## [Problem description]
Starting with the line that has "Metallskilt med norske" and finishing with the line that has "Женская толстовка с", set down each line below exactly. Pictures are not copied.

## [Data section]
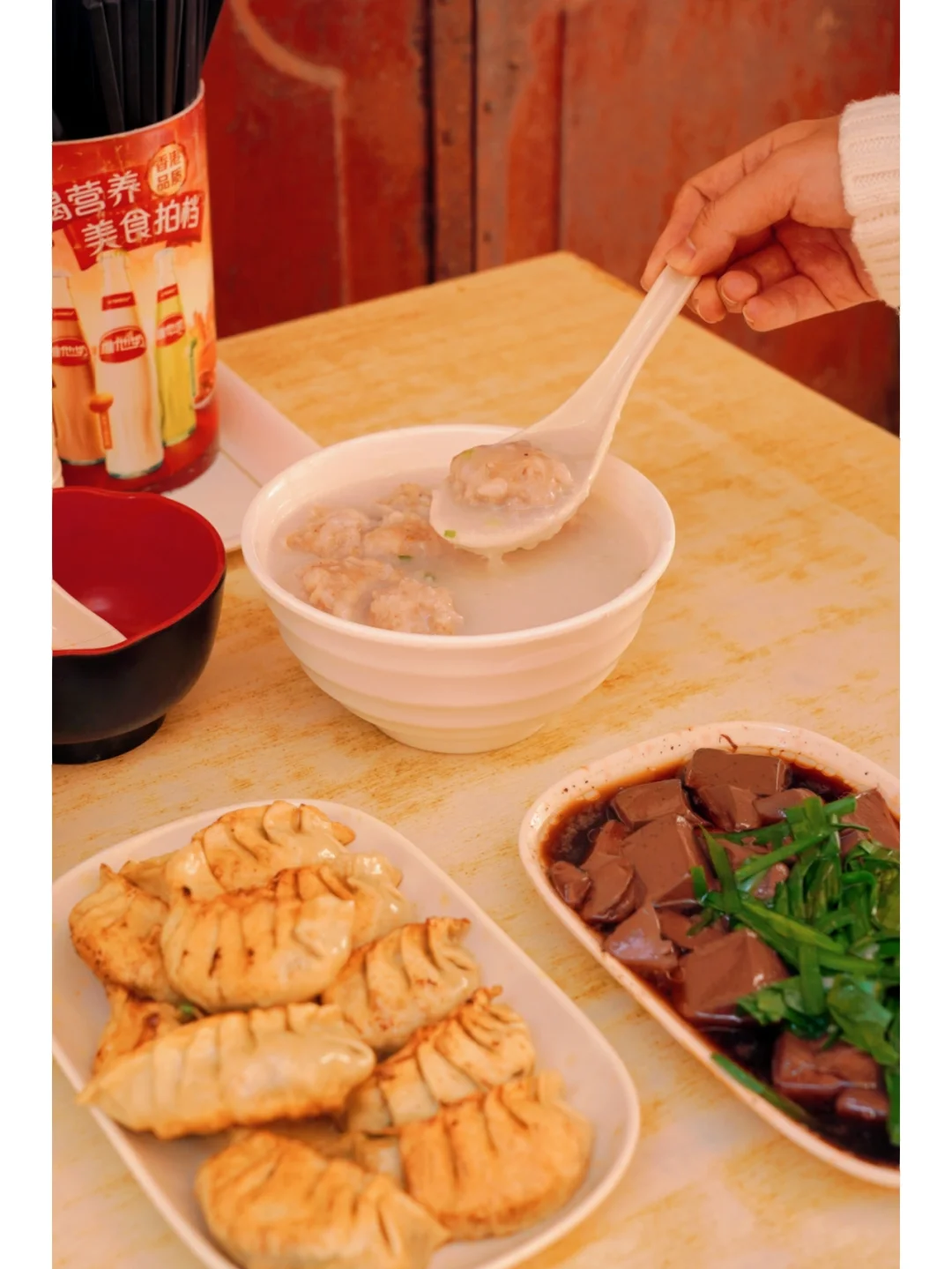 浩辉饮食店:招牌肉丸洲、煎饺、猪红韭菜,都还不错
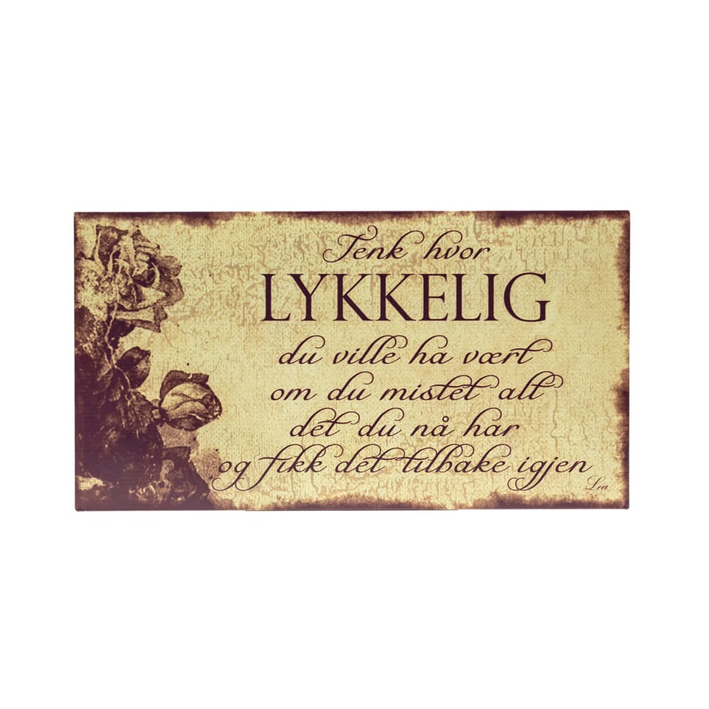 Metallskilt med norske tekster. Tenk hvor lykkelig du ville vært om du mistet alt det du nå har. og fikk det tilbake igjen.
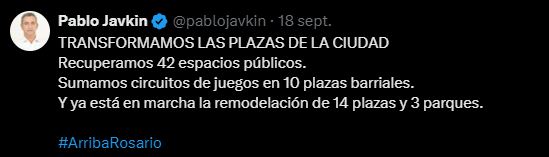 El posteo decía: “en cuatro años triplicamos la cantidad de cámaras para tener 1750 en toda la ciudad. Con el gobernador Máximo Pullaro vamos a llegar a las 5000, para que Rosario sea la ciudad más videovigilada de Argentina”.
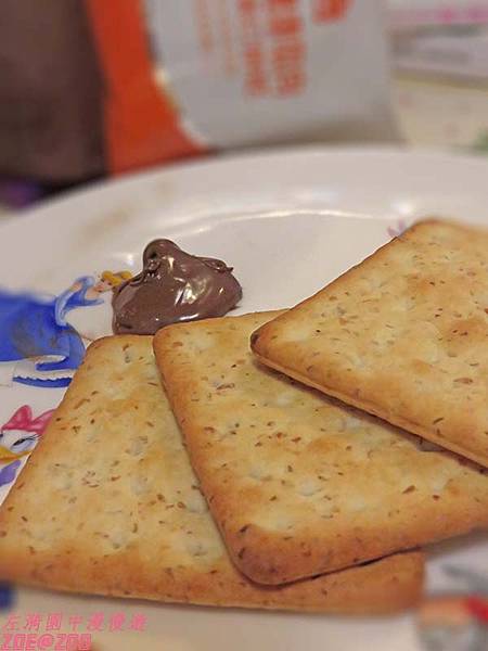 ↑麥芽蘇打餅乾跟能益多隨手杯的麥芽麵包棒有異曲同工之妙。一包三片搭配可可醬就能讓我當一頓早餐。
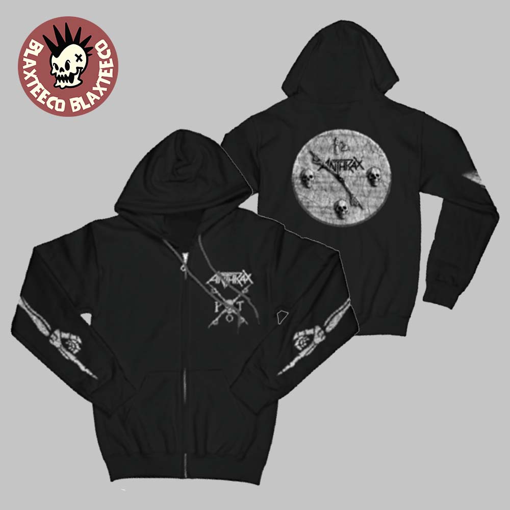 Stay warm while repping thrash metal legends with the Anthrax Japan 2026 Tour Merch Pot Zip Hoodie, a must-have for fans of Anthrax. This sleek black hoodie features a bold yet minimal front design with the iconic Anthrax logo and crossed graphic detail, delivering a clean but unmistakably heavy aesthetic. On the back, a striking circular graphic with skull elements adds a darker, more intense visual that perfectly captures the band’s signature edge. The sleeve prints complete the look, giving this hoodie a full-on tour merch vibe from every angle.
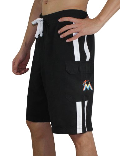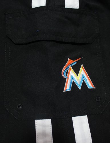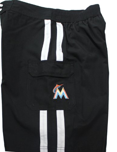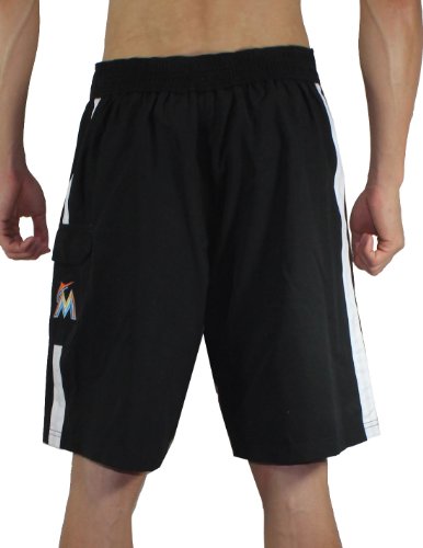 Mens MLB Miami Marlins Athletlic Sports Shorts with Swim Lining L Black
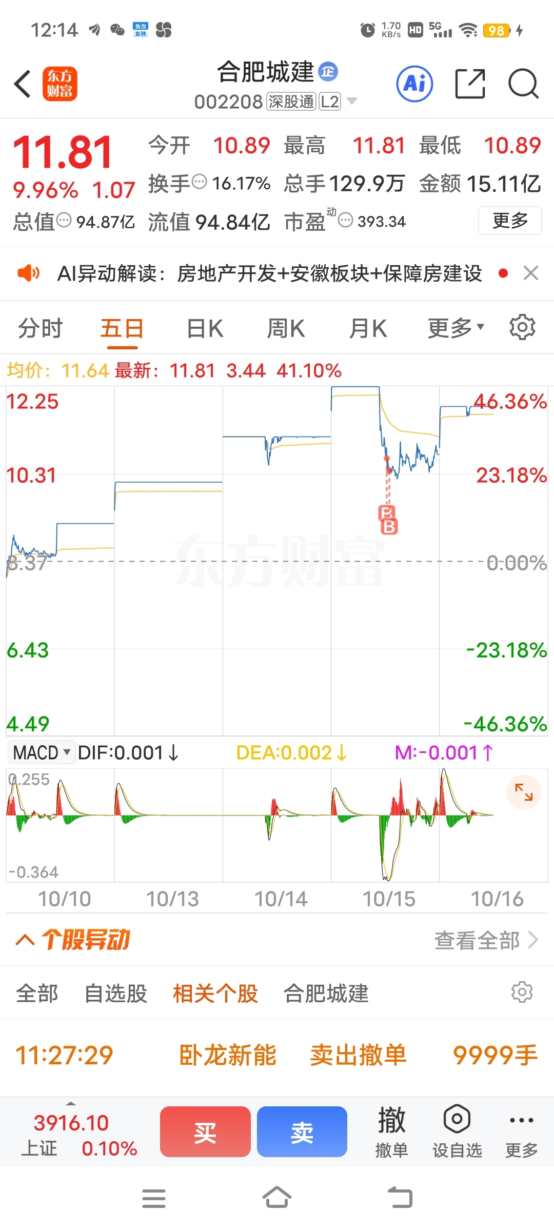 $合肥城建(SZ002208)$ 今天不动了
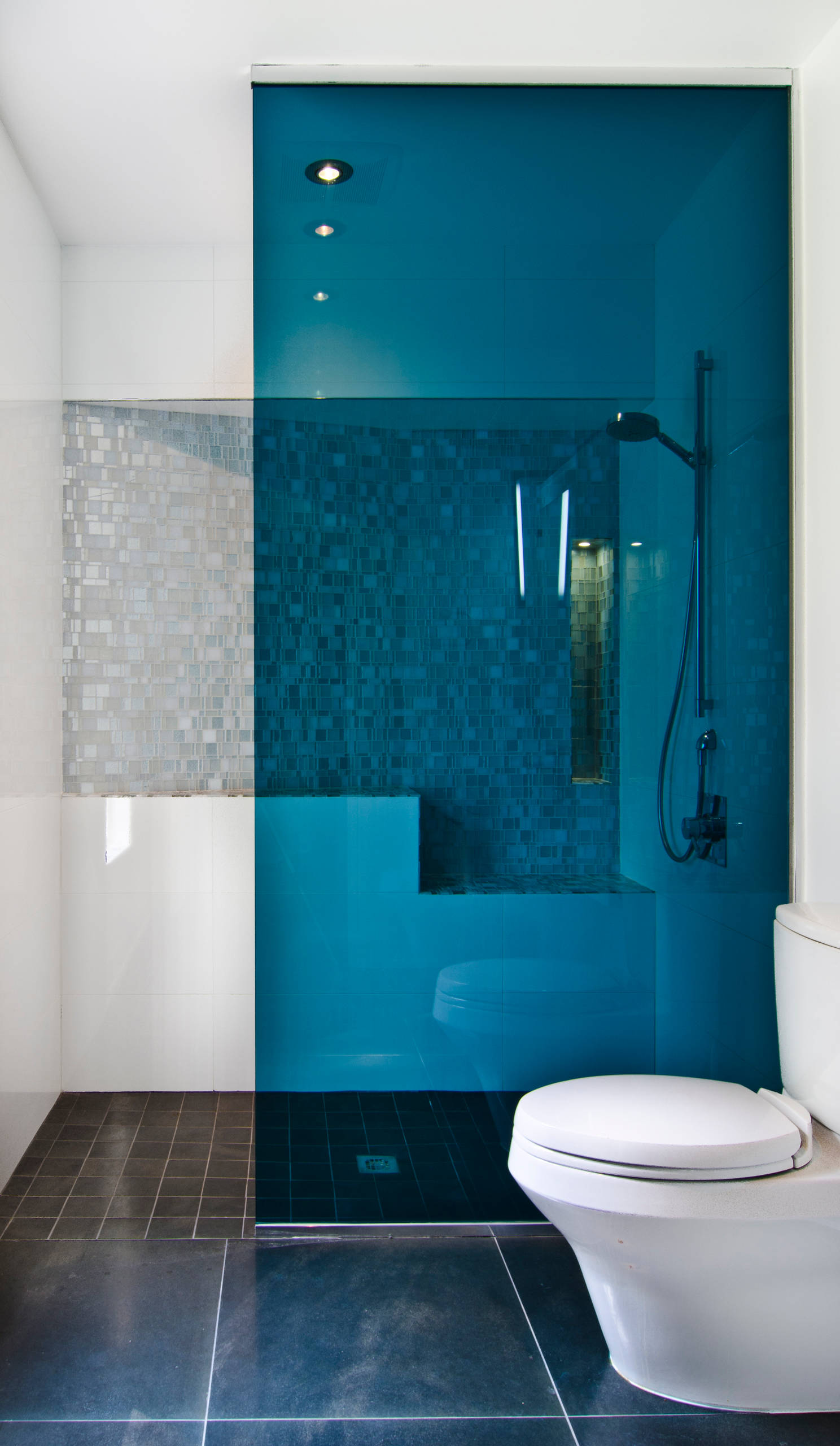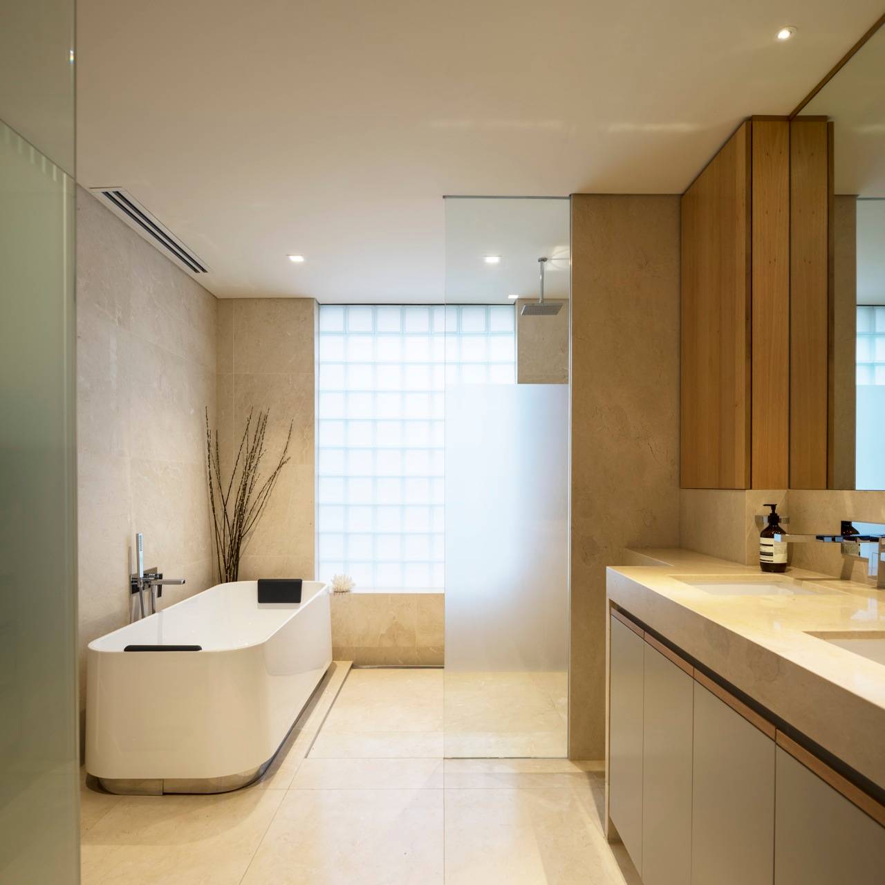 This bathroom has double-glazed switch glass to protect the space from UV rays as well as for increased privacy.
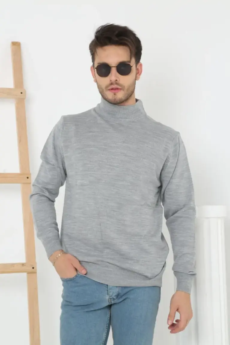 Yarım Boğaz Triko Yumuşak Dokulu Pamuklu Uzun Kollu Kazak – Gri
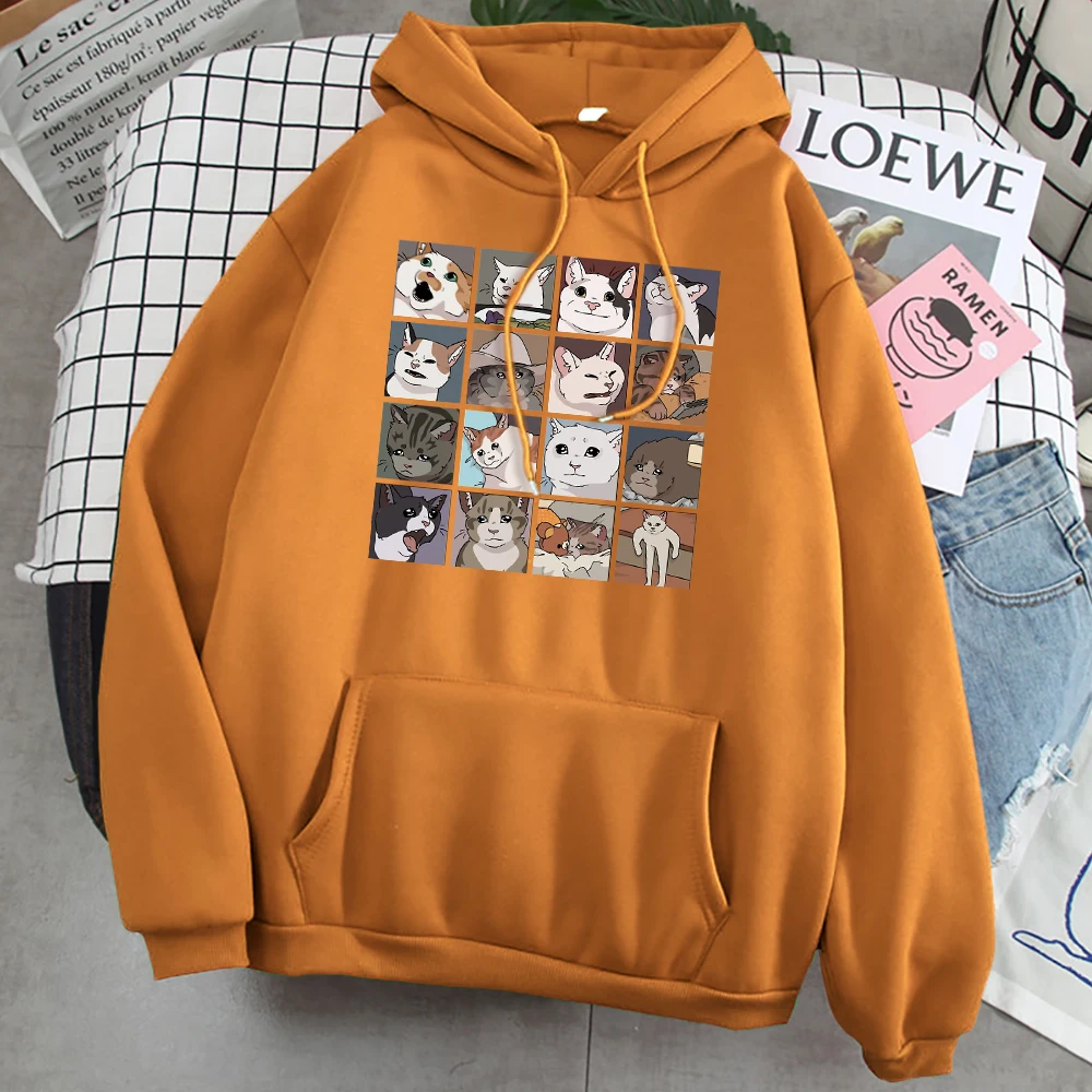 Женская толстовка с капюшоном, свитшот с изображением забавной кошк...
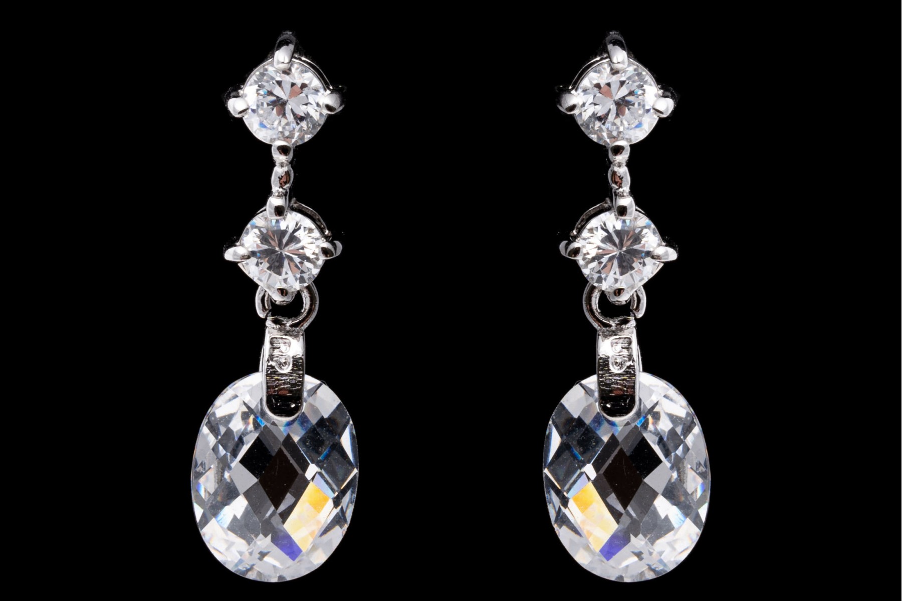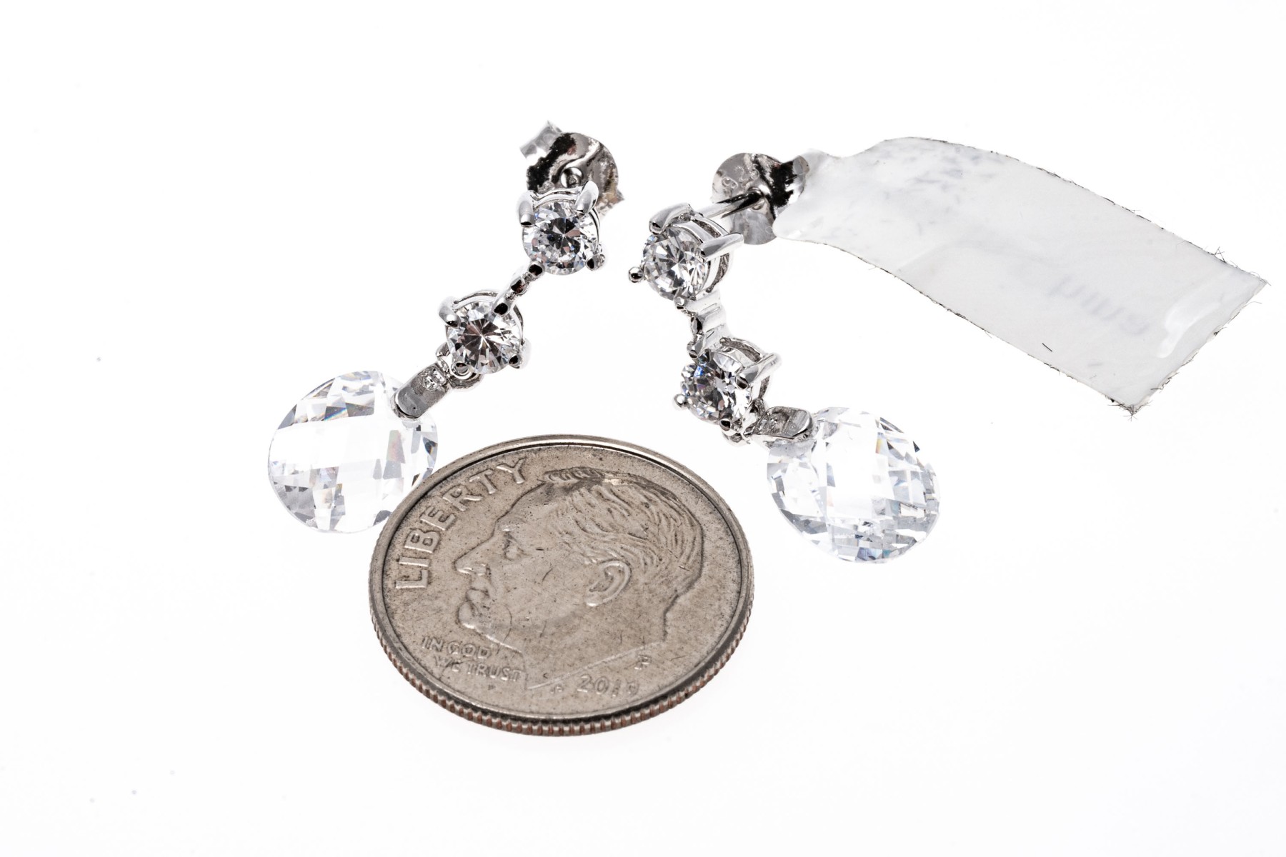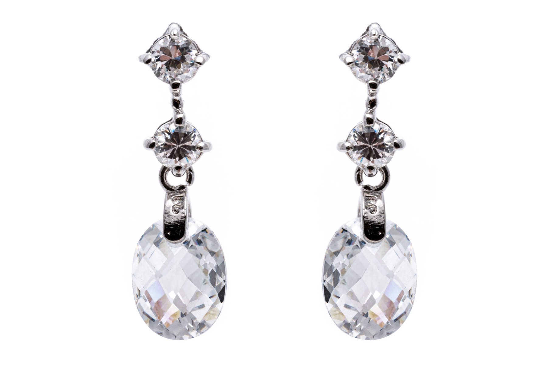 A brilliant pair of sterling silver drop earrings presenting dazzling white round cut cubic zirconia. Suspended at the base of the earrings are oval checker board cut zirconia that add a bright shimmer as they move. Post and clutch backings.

## [Result]
 Metallskilt med norske tekster. Tenk hvor lykkelig du ville vært om du mistet alt det du nå har. og fikk det tilbake igjen.
 El posteo decía: “en cuatro años triplicamos la cantidad de cámaras para tener 1750 en toda la ciudad. Con el gobernador Máximo Pullaro vamos a llegar a las 5000, para que Rosario sea la ciudad más videovigilada de Argentina”.
 ↑麥芽蘇打餅乾跟能益多隨手杯的麥芽麵包棒有異曲同工之妙。一包三片搭配可可醬就能讓我當一頓早餐。
 Stay warm while repping thrash metal legends with the Anthrax Japan 2026 Tour Merch Pot Zip Hoodie, a must-have for fans of Anthrax. This sleek black hoodie features a bold yet minimal front design with the iconic Anthrax logo and crossed graphic detail, delivering a clean but unmistakably heavy aesthetic. On the back, a striking circular graphic with skull elements adds a darker, more intense visual that perfectly captures the band’s signature edge. The sleeve prints complete the look, giving this hoodie a full-on tour merch vibe from every angle.
 Mens MLB Miami Marlins Athletlic Sports Shorts with Swim Lining L Black
 $合肥城建(SZ002208)$ 今天不动了
 This bathroom has double-glazed switch glass to protect the space from UV rays as well as for increased privacy.
 Yarım Boğaz Triko Yumuşak Dokulu Pamuklu Uzun Kollu Kazak – Gri
 Женская толстовка с капюшоном, свитшот с изображением забавной кошк...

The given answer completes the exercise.